SOFIA Far-infrared [O III] and [O I] Observations of Dense CO-knots in the Supernova Remnant Cassiopeia A: Multi-phase Ejecta

TL;DR

This study uses SOFIA far-infrared observations to analyze dense ejecta knots in Cassiopeia A, revealing multi-phase gas, shock interactions, and dust survival in supernova remnants.

Contribution

It provides new insights into the multi-phase structure and shock dynamics of ejecta knots in Cas A using far-IR spectroscopy.

Findings

[O III] and [O I] line profiles are similar, indicating related gas phases.

[O III] maps show diffuse structures with varying densities.

[O I] emission traces dense, cooled post-shocked gas.

Abstract

Dense, fast-moving ejecta knots in supernova remnants are prime sites for molecule and dust formation.

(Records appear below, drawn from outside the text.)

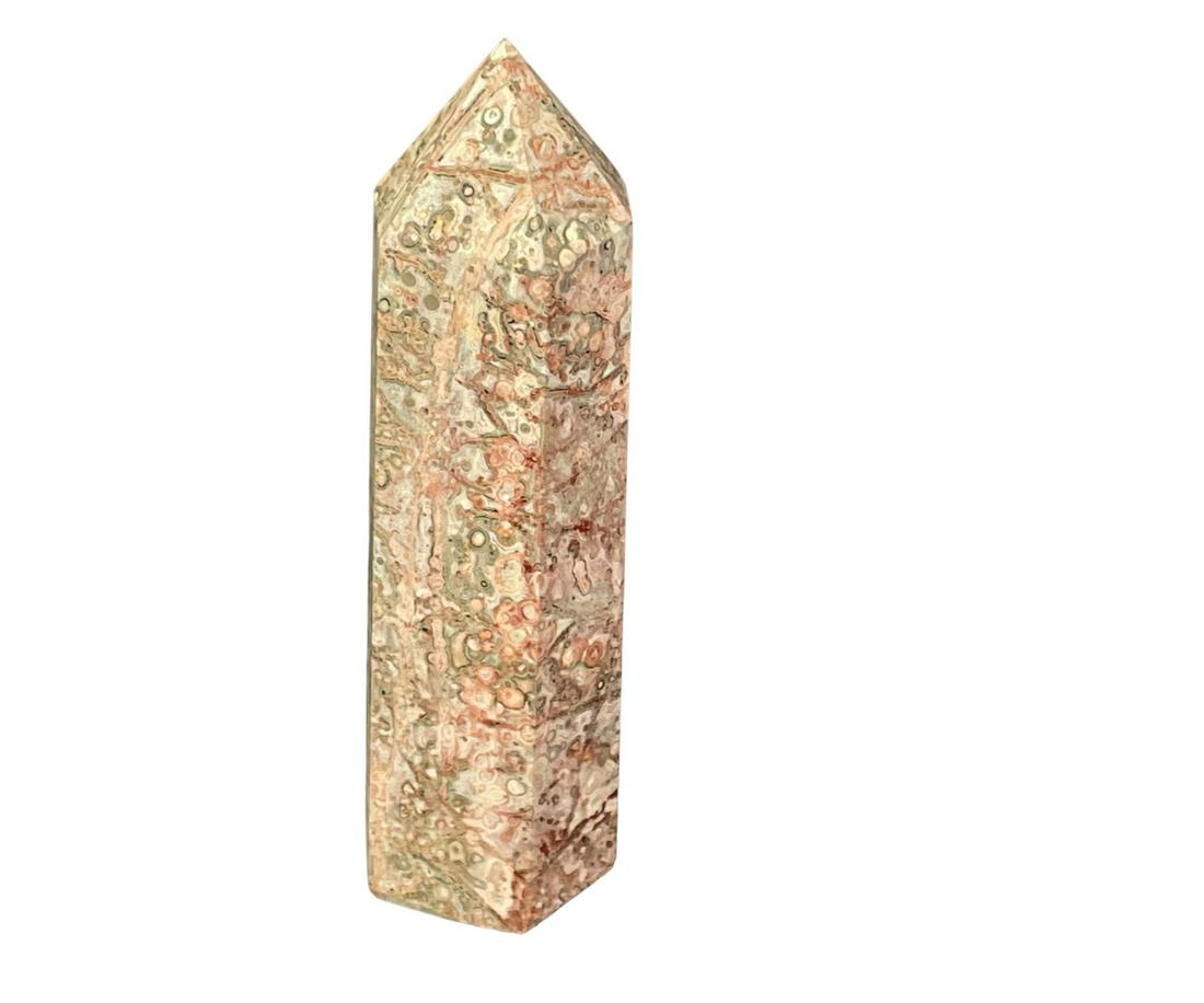 SoldSPECKLED PINK JASPER OBELISKSPECKLED PINK JASPER OBELISK 1.6 LBS Height: 6.5 in. by Width: 2 in. by Depth: 2See Sold Price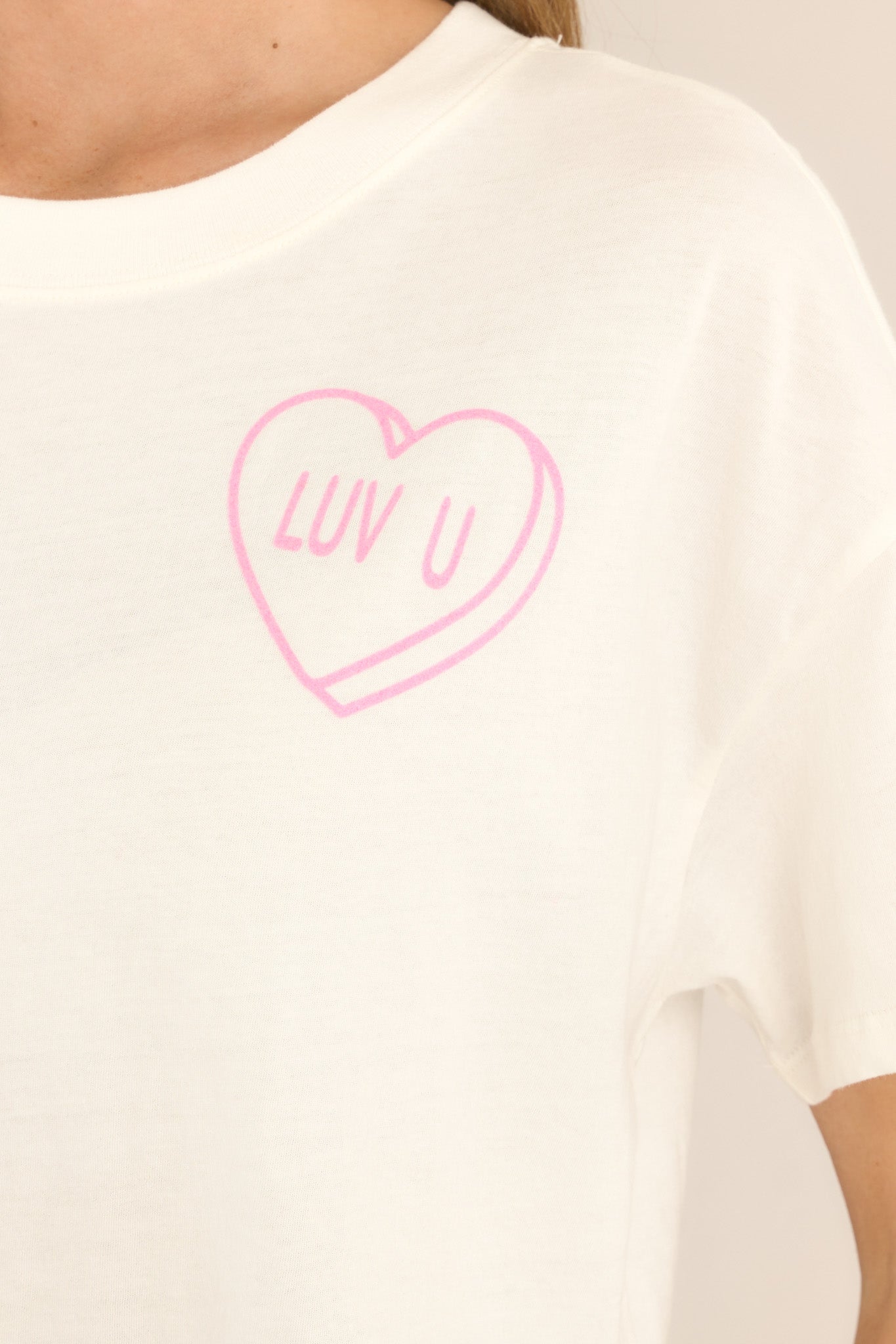 Spread some love with the Z-Supply Luv U Vanilla Ice Tee. With its comfortable fit and unique style, it's sure to be your new go-to. Perfect for any casual outing or lounging around the house, it's sure to bring a smile to everyone's face. You'll "Luv" this quirky and fun tee! This tee features a crew neckline, dropped shoulders, a festive graphic, and a split hemline.
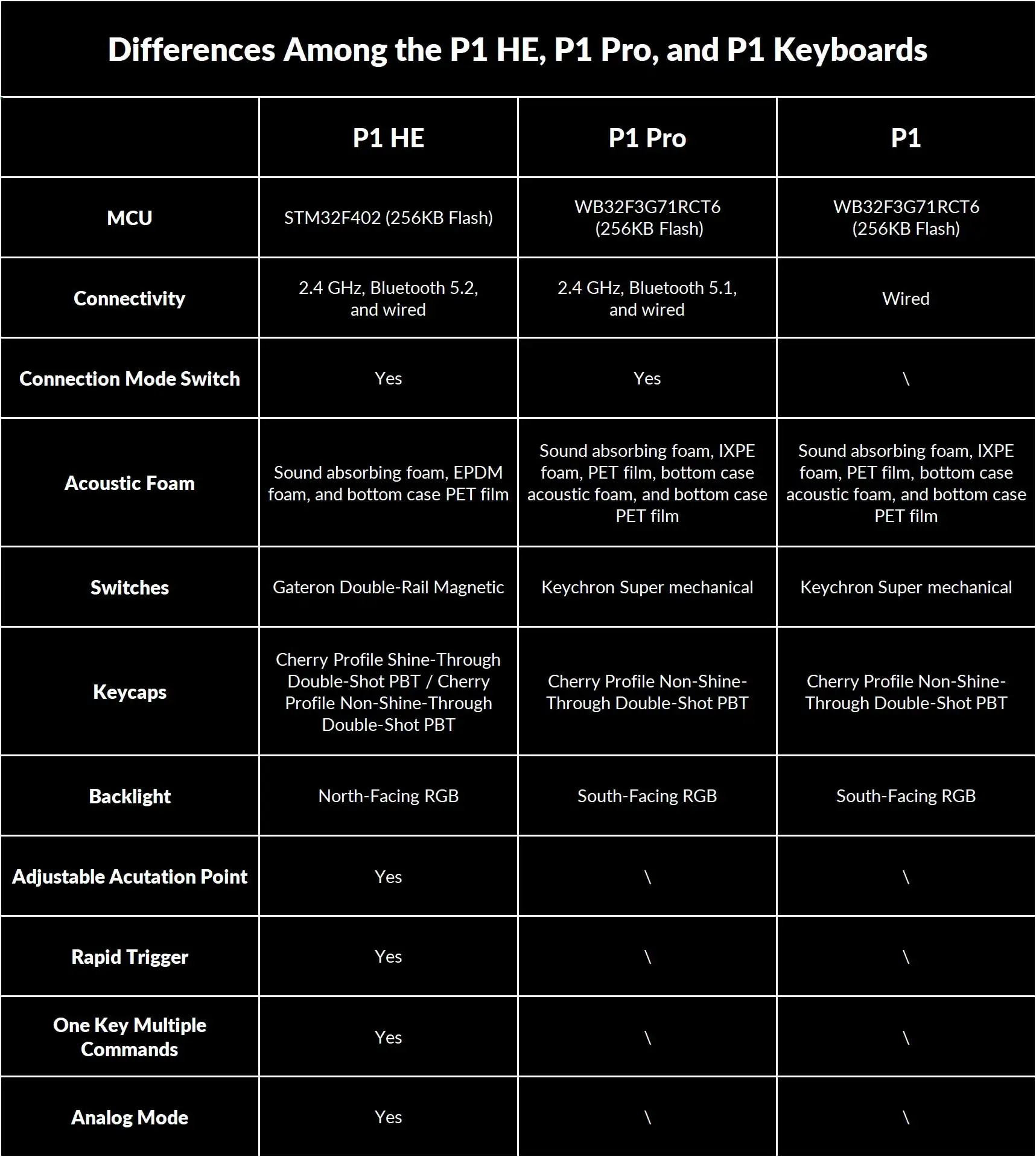 *The P1 HE is compatible with the magnetic switches sold on the Keychron and Lemokey website only.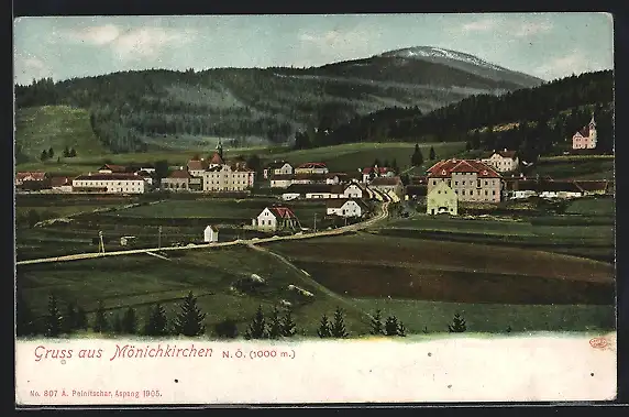 AK Mönichkirchen, Ortspanorama mit Landstrasse aus der Vogelschau

We present SOFIA far-IR spectrometer FIFI-LS observations of CO-rich knots in Cas A which cover a ~1 square arc minute area of the northern shell, in the [O III] 52 and 88 micron and [O I] 63 micron lines. The FIFI-LS spectra reveal that the line profiles of [O III] and [O I] are similar to those of the Herschel PACS [O III] and CO lines. We find that the [O III] maps show very different morphology than the [O I] map. The [O III] maps reveal diffuse, large-scale structures and the ratio of the two [O III] lines imply the presence of gas with a range of density 500 - 10,000 per cm^3 within the mapped region. In contrast, the [O I] map shows bright emission associated with the dense CO-rich knots. The 63 micron [O I] line traces cooled, dense post-shocked gas of ejecta. We find that IR-dominated [O III] emission is from post-shocked gas based on its morphology, high column density, and velocity profile. We describe multi-phase ejecta knots, a lifetime of clumps, and survival of dust in the young supernova remnants.